By contrast, Dimitrov’s most memorable moment in the match comes when he manages to somehow laugh off mishandling a ball directly into his groin. It’s a nice comedy moment and a metaphor for his performance all in one neat package—no pun intended. The young Bulgarian is being thoroughly outplayed, but he’s also putting in an underwhelming performance. He’s scrambling at the back of the court from the first point of the match, and while this has a lot to do with Hewitt’s play—the Aussie is effective and incisive from the start, no mere putting the ball back in play today—that’s not the whole story. When Dimitrov does take the initiative on attack—and manages to keep the ball in the court—it’s devastating. It takes him quite a while to realize that’s what he needs to do, though, and by the time the penny drops, he’s a set and a break down and too rattled to execute consistently.
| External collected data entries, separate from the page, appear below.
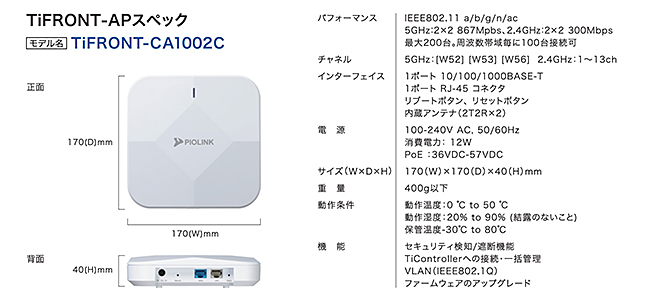 TiFRONT-APのスペックは必要十分だ。SMBやサテライトオフィスから、フロアAPとしての活用も可能だ。1台のAPで最大100台の端末を収容でき、温度仕様が50度までと、工場をはじめとする場所での活用も想定している。価格も法人向けの無線APと遜色ない価格帯で、その上にセキュリティ機能が追加されている。販売店としても“利益が取りやすい”製品といえる。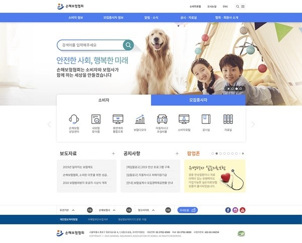 홈페이지는 통합검색 솔루션 도입을 통해 금융당국(금융위원회, 금융감독원), 유관기관(생명보험협회, 보험개발원 등), 손해보험회사의 유용정보를 한 눈에 검색할 수 있도록 바뀌었다.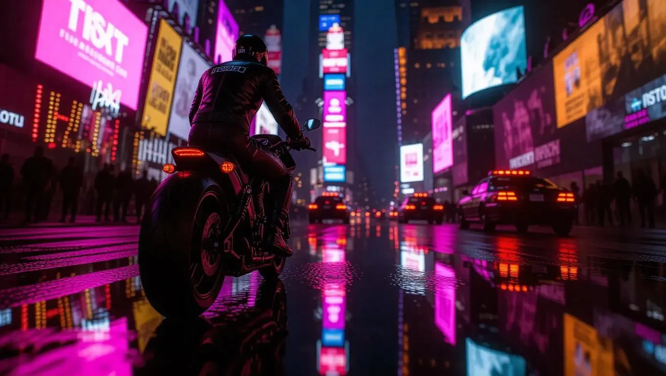 A lone motorcyclist in a black leather jacket speeds down a vibrant boulevard, backlit by animated billboards and swirling city lights. Digital reflections shimmer across puddles, and behind him, a chain of patrol cars twist through city shadows. Motion-capture angle from below, sparks trailing from the tailpipe, dramatic shallow depth of field.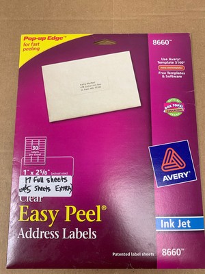 › en › avery-easy-peel-address-labelsAvery Address Labels - 8660 - 30 labels per sheet Avery Clear Easy Peel Address Labels for Inkjet Printers 8660. Create multiple labels in minutes using the free templates and designs available with our Avery Design and Online Software. Avery Address Labels - 8660 - 30 labels per sheet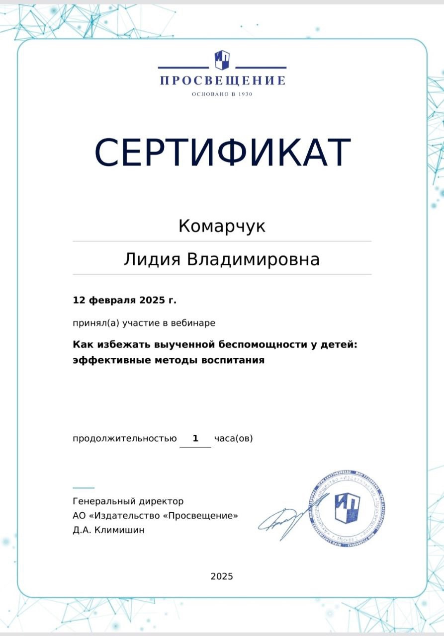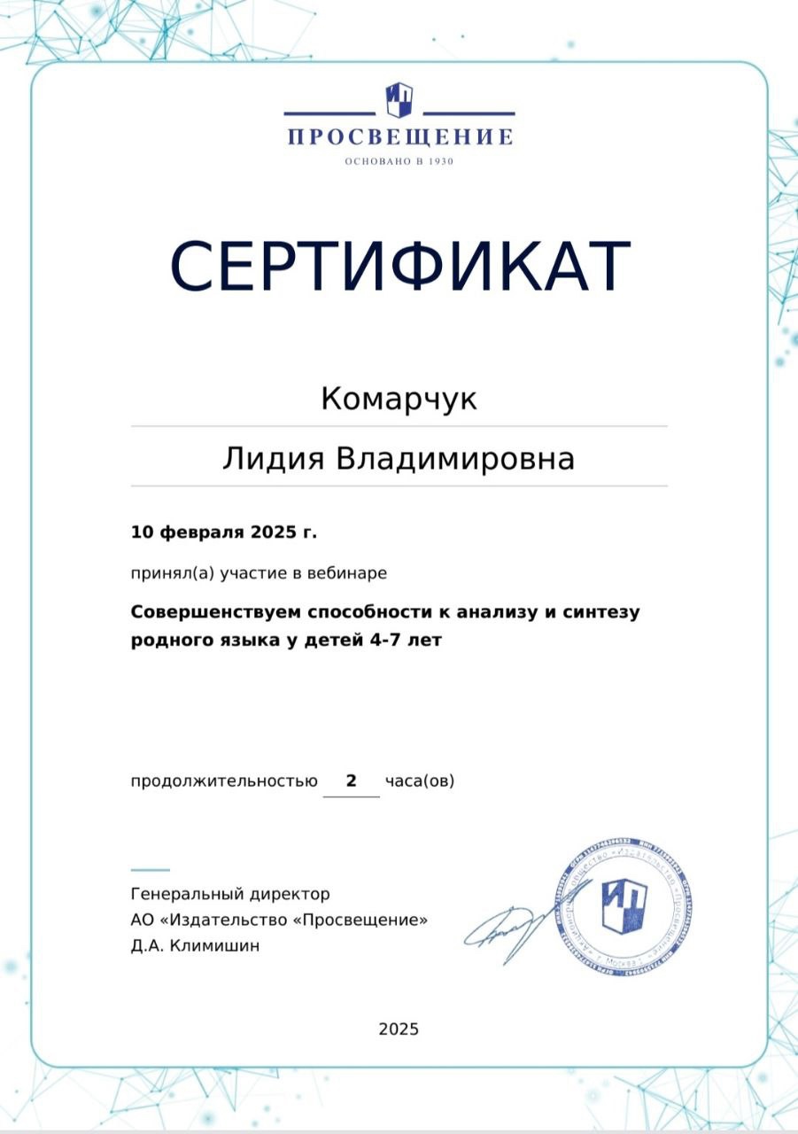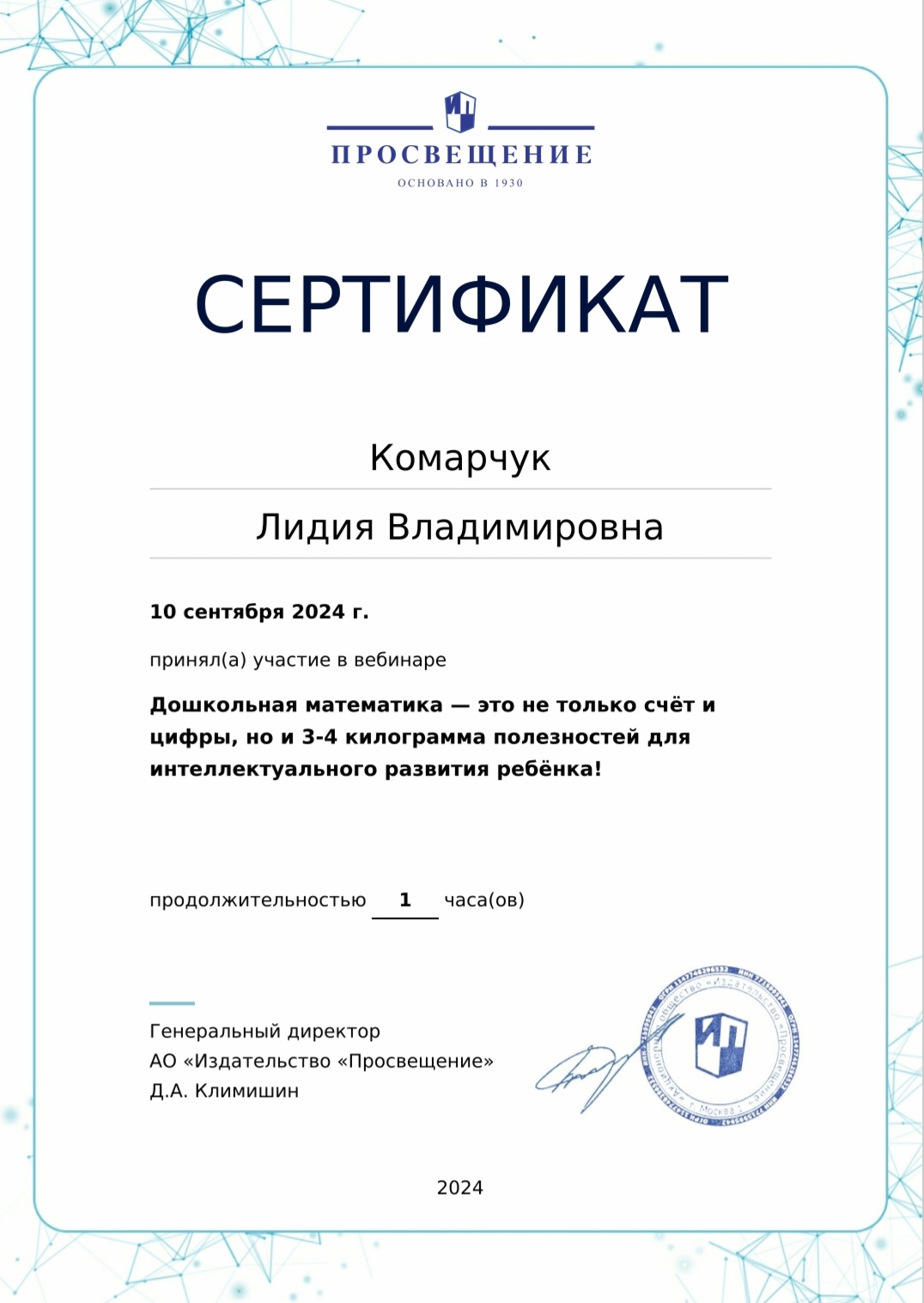 Сертификат участника вебинара "Дошкольная математика - это не только счет и цифры, но и 3-4 килограмма полезностей для интеллектуального развития ребенка"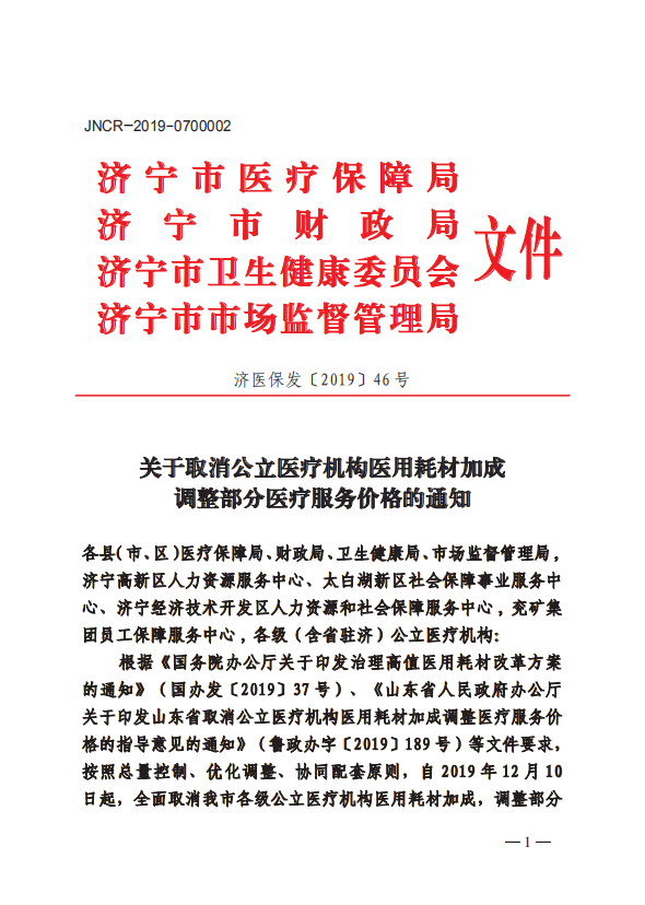 关于取消公立医疗机构医用耗材加成调整部分医疗服务价格的通知

There’s no such uncertainty or ill-preparedness where Hewitt is concerned. He crafts an early break, slicing short into the court, yanking Dimitrov forward so he’s always desperately lunging for the ball. He mixes up the pattern of play wherever possible and only plays baseline rallies on his own terms, side-to-side stuff behind strong serving, going for the lines rarely but effectively. Dimitrov isn’t making a lot of first serves, and he’s making a poor fist of defending his second. Later, in his press conference, Hewitt will rightly mention his returning as a strong aspect of his game today.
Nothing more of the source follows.